[Start of section]

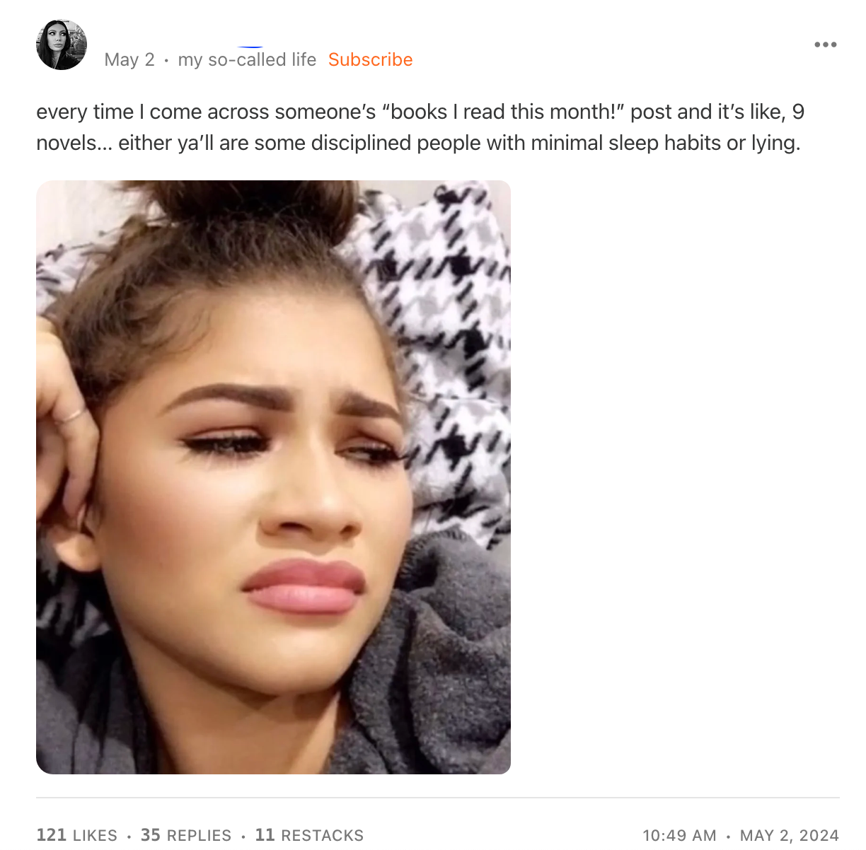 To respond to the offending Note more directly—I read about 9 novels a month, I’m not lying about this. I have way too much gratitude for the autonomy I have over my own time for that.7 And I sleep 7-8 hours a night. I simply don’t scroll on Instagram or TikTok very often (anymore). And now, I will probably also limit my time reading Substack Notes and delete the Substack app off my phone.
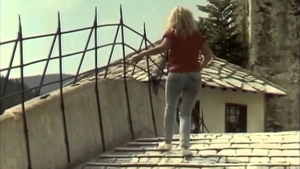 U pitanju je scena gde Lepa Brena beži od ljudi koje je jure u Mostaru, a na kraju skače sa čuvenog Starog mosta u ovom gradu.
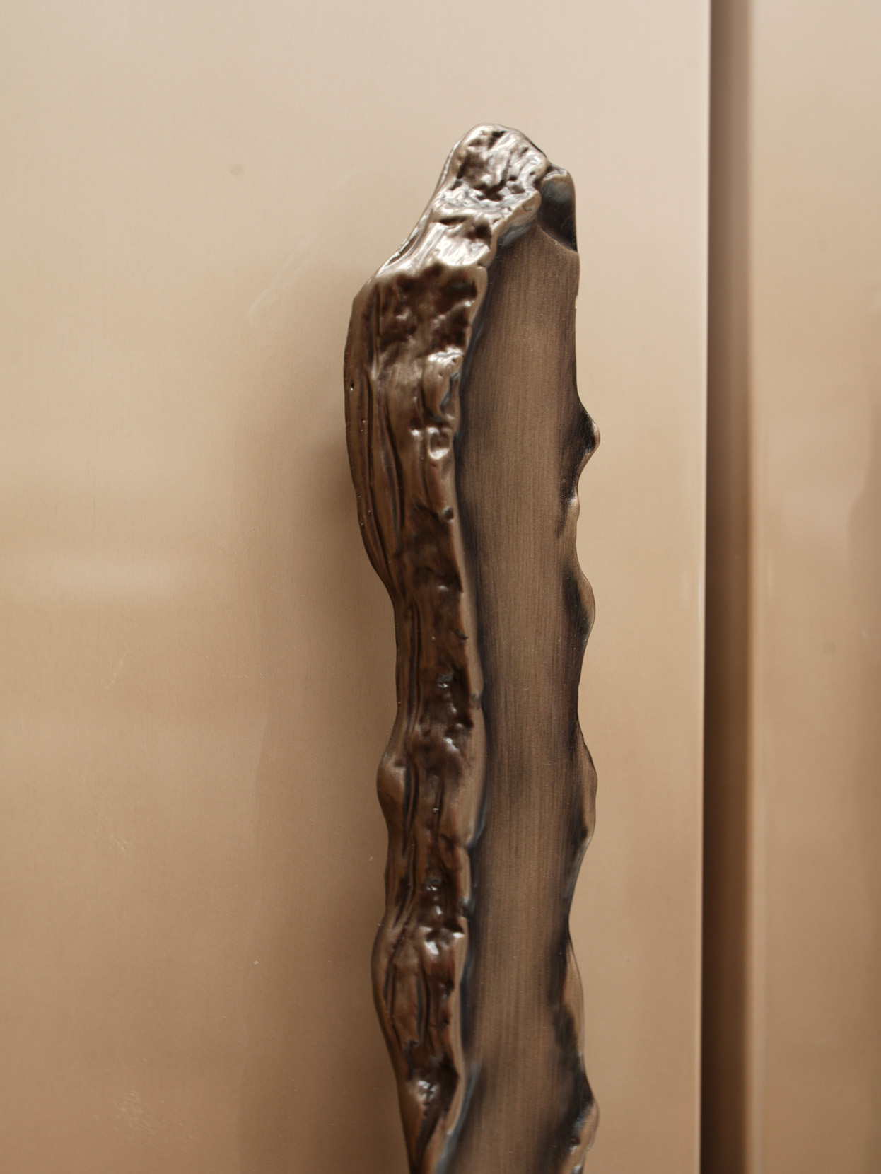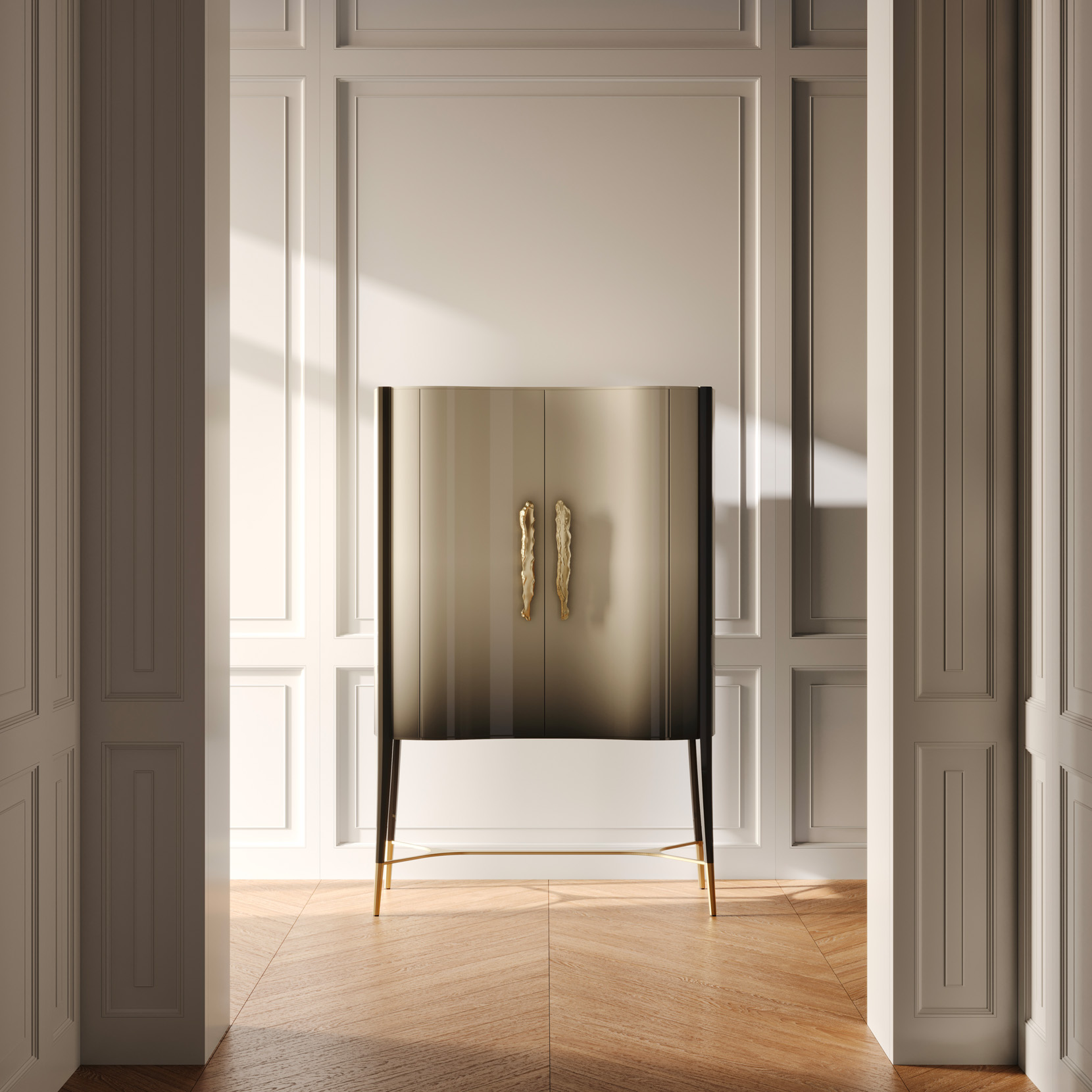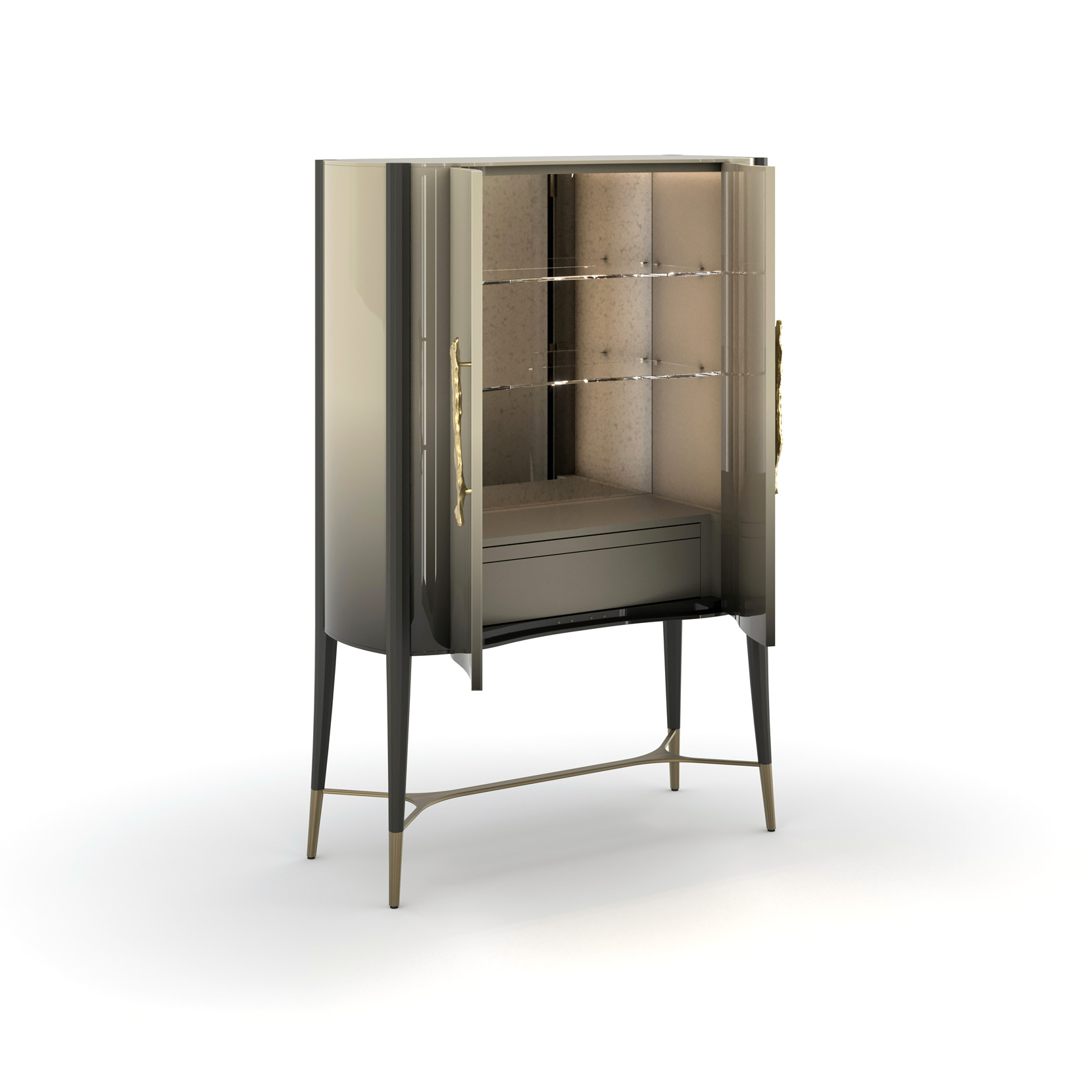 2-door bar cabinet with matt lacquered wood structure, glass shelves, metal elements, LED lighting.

[End of section]

Task instructions:
Where the data includes pictures, leave them out and write out everything else exactly.

Solved problem:
 To respond to the offending Note more directly—I read about 9 novels a month, I’m not lying about this. I have way too much gratitude for the autonomy I have over my own time for that.7 And I sleep 7-8 hours a night. I simply don’t scroll on Instagram or TikTok very often (anymore). And now, I will probably also limit my time reading Substack Notes and delete the Substack app off my phone.
 U pitanju je scena gde Lepa Brena beži od ljudi koje je jure u Mostaru, a na kraju skače sa čuvenog Starog mosta u ovom gradu.
 2-door bar cabinet with matt lacquered wood structure, glass shelves, metal elements, LED lighting.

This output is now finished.